Find duplicate element in array in time O(n)

This can be done in O(n) time and O(1) space.

(The algorithm only works because the numbers are consecutive integers in a known range):

In a single pass through the vector, compute the sum of all the numbers, and the sum of the squares of all the numbers.

Subtract the sum of all the numbers from N(N-1)/2. Call this A.

Subtract the sum of the squares from N(N-1)(2N-1)/6. Divide this by A. Call the result B.

The number which was removed is (B + A)/2 and the number it was replaced with is (B - A)/2.

Example:

The vector is [0, 1, 1, 2, 3, 5]:

  • N = 6

  • Sum of the vector is 0 + 1 + 1 + 2 + 3 + 5 = 12. N(N-1)/2 is 15. A = 3.

  • Sum of the squares is 0 + 1 + 1 + 4 + 9 + 25 = 40. N(N-1)(2N-1)/6 is 55. B = (55 - 40)/A = 5.

  • The number which was removed is (5 + 3) / 2 = 4.

  • The number it was replaced by is (5 - 3) / 2 = 1.

Why it works:

  • The sum of the original vector [0, ..., N-1] is N(N-1)/2. Suppose the value a was removed and replaced by b. Now the sum of the modified vector will be N(N-1)/2 + b - a. If we subtract the sum of the modified vector from N(N-1)/2 we get a - b. So A = a - b.

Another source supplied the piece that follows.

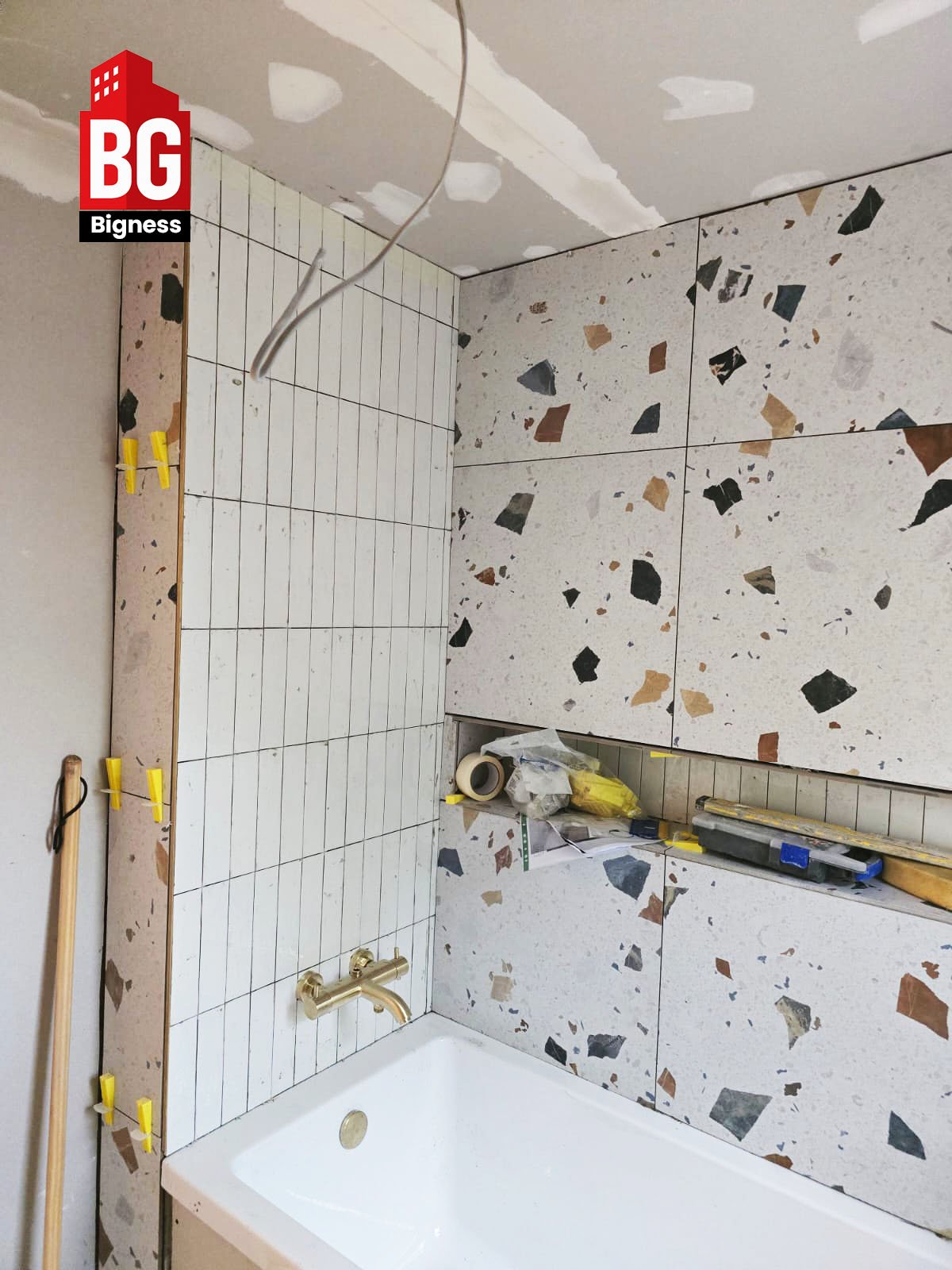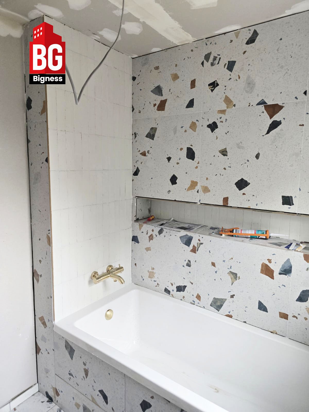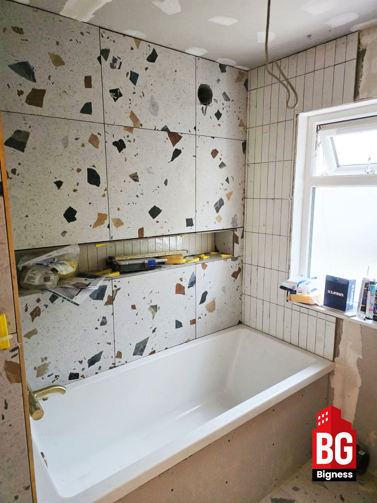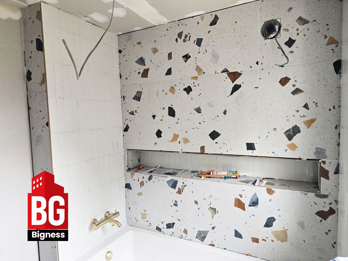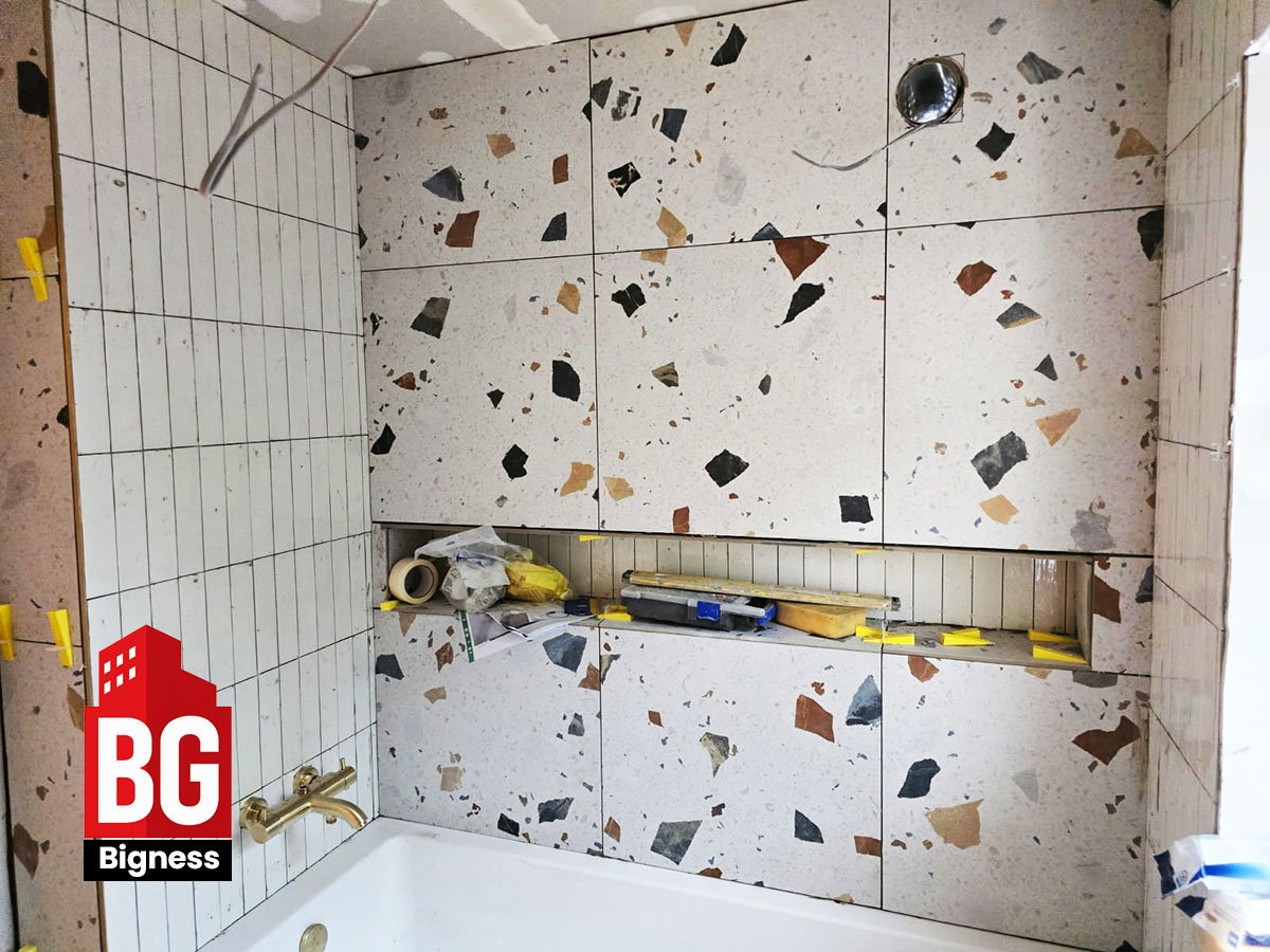 Bigness Group was appointed to design and install a modern terrazzo bathroom for a private London property, combining a clean minimalist look with premium materials and efficient layout design.

  • Similarly, the sum of the squares of the original vector is N(N-1)(2N-1)/6. The sum of the squares of the modified vector is N(N-1)(2N-1)/6 + b2 - a2. Subtracting the sum of the squares of the modified vector from the original sum gives a2 - b2, which is the same as (a+b)(a-b). So if we divide it by a - b (i.e., A), we get B = a + b.

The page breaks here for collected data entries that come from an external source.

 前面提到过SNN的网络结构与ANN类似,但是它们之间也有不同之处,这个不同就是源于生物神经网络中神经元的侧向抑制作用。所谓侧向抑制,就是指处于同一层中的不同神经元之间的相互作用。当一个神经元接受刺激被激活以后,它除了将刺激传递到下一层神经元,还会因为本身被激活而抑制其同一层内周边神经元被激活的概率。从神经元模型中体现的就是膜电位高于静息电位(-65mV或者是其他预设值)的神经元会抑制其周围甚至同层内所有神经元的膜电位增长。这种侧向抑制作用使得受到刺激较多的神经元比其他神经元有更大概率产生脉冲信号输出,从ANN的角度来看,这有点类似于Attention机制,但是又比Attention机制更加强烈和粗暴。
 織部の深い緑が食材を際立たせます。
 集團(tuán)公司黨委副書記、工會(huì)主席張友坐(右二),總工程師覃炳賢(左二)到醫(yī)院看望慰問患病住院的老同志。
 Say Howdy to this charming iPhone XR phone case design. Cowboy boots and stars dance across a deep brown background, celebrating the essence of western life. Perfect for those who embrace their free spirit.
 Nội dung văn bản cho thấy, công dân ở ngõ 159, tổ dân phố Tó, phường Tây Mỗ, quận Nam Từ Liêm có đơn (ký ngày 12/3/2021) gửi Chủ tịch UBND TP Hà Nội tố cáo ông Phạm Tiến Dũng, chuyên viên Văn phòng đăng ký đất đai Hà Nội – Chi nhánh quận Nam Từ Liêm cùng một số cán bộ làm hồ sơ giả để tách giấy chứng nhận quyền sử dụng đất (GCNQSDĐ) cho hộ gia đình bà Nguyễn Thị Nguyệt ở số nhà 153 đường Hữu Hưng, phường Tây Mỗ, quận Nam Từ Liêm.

  • Now B + A = a + b + a - b = 2a and B - A = a + b - (a - b) = 2b.


We have the original array int A[N]; Create a second array bool B[N] too, of type bool=false. Iterate the first array and set B[A[i]]=true if was false, else bing!

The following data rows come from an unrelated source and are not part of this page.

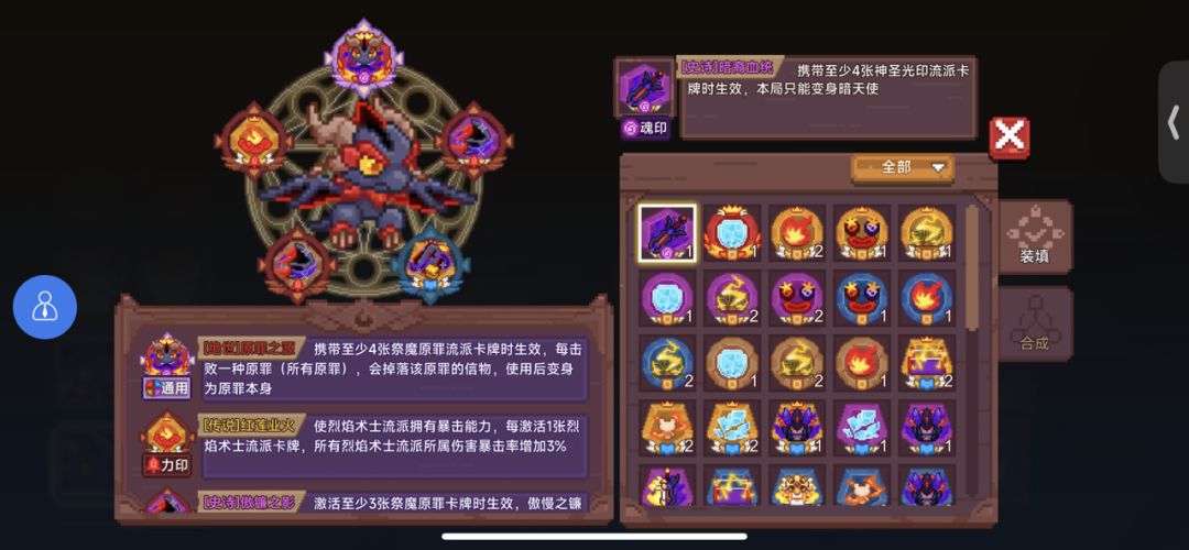 3.卡组:直接看图就行,之前我试过第一张卡是色欲,第一波怪就直接变身,但是用久之后还是发现冷水舒服,锤1本身叠罪业的速度就很快,配合宠物的罪业恩赐,也只是晚一两波怪变身而已,趁早激活傲镰和蛇心更重要,随后就是稳定收罪业了,到了图1有柱子首领房也完全能叠到傲慢,可以直接站撸几乎能秒,可以看我放的图,图1首领房就傲慢了,前提是图1得走有魂的关卡(奖励是魂或者有怪的关卡)
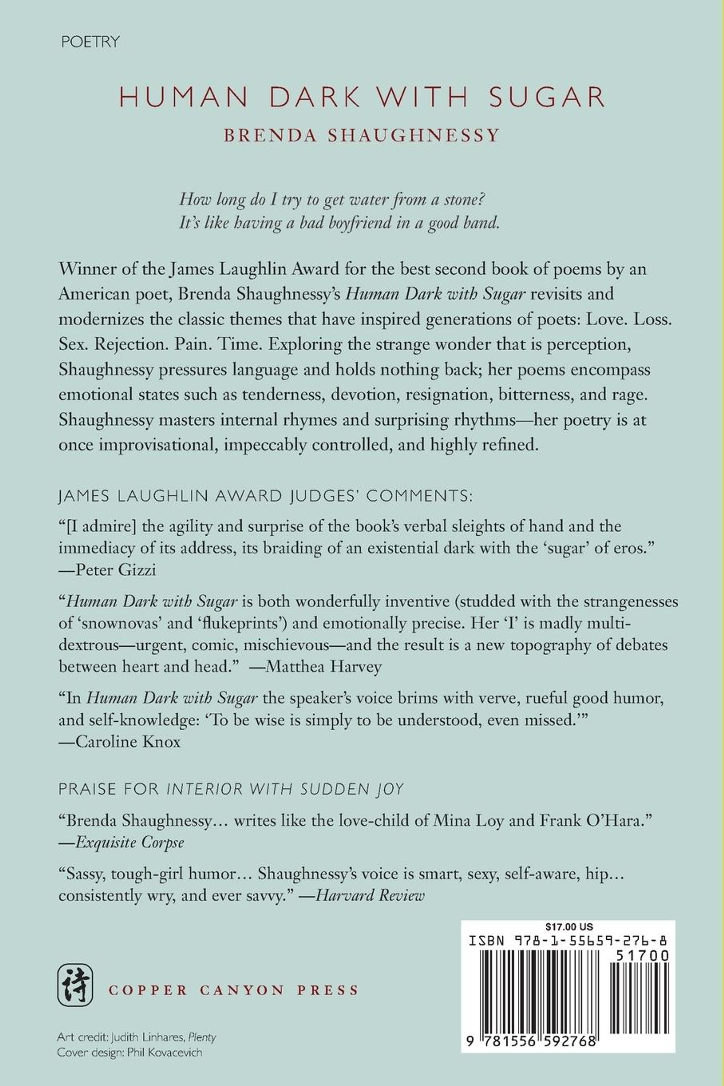 Winner of the 2007 James Laughlin Award as the best second book published in the United States.
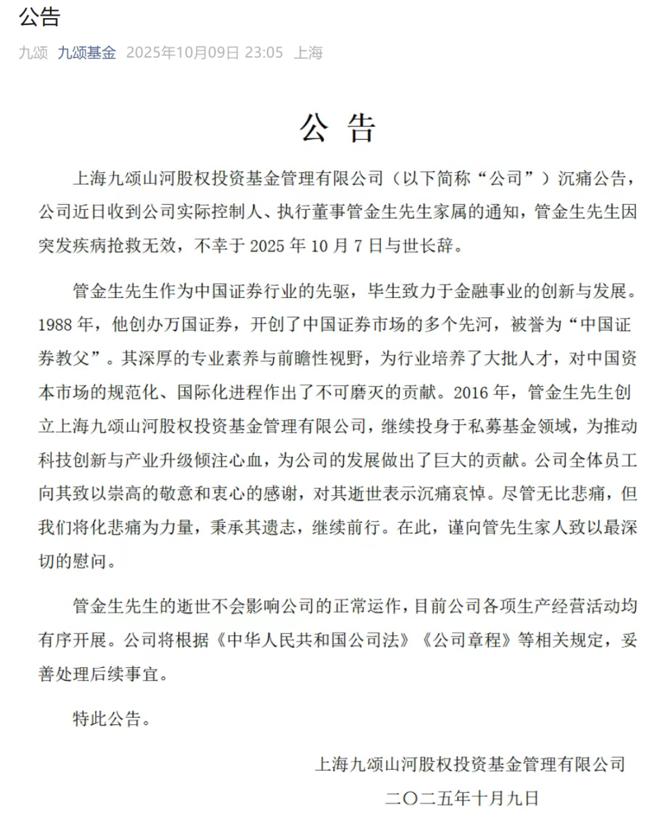 10月9日深夜11点,上海九颂山河股权投资基金管理有限公司(以下简称九颂基金)发布公告称,近日收到公司实际控制人、执行董事管金生先生家属的通知,管金生先生因突发疾病抢救无效,不幸于2025年10月7日与世长辞。
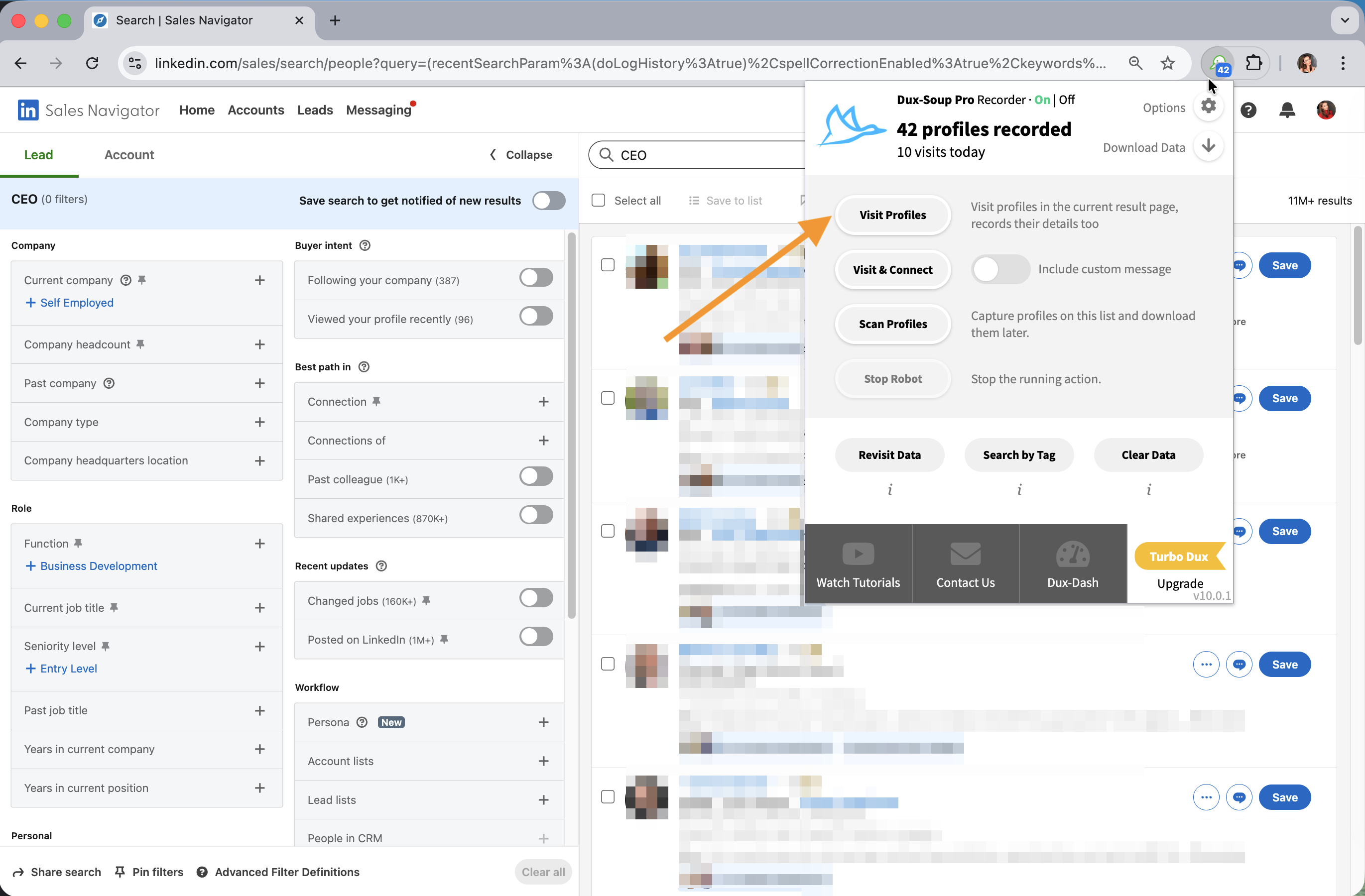 Em seguida, acesse oLinkedIne crie uma pesquisa de pessoas aplicando os filtros preferidos. Clique no ícone Dux-Soup e selecione Visitar perfis para começar a enviar InMails™.

You can do it in O(N) time without any extra space. Here is how the algorithm works :

Iterate through array in the following manner :

  1. For each element encountered, set its corresponding index value to negative. Eg : if you find a[0] = 2. Got to a[2] and negate the value.

    By doing this you flag it to be encountered. Since you know you cannot have negative numbers, you also know that you are the one who negated it.

  2. Check if index corresponding to the value is already flagged negative, if yes you get the duplicated element. Eg : if a[0]=2 , go to a[2] and check if it is negative.

Lets say you have following array :

int a[]  = {2,1,2,3,4};

After first element your array will be :

int a[] = {2,1,-2,3,4};

After second element your array will be :

int a[] = {2,-1,-2,3,4};

When you reach third element you go to a[2] and see its already negative. You get the duplicate.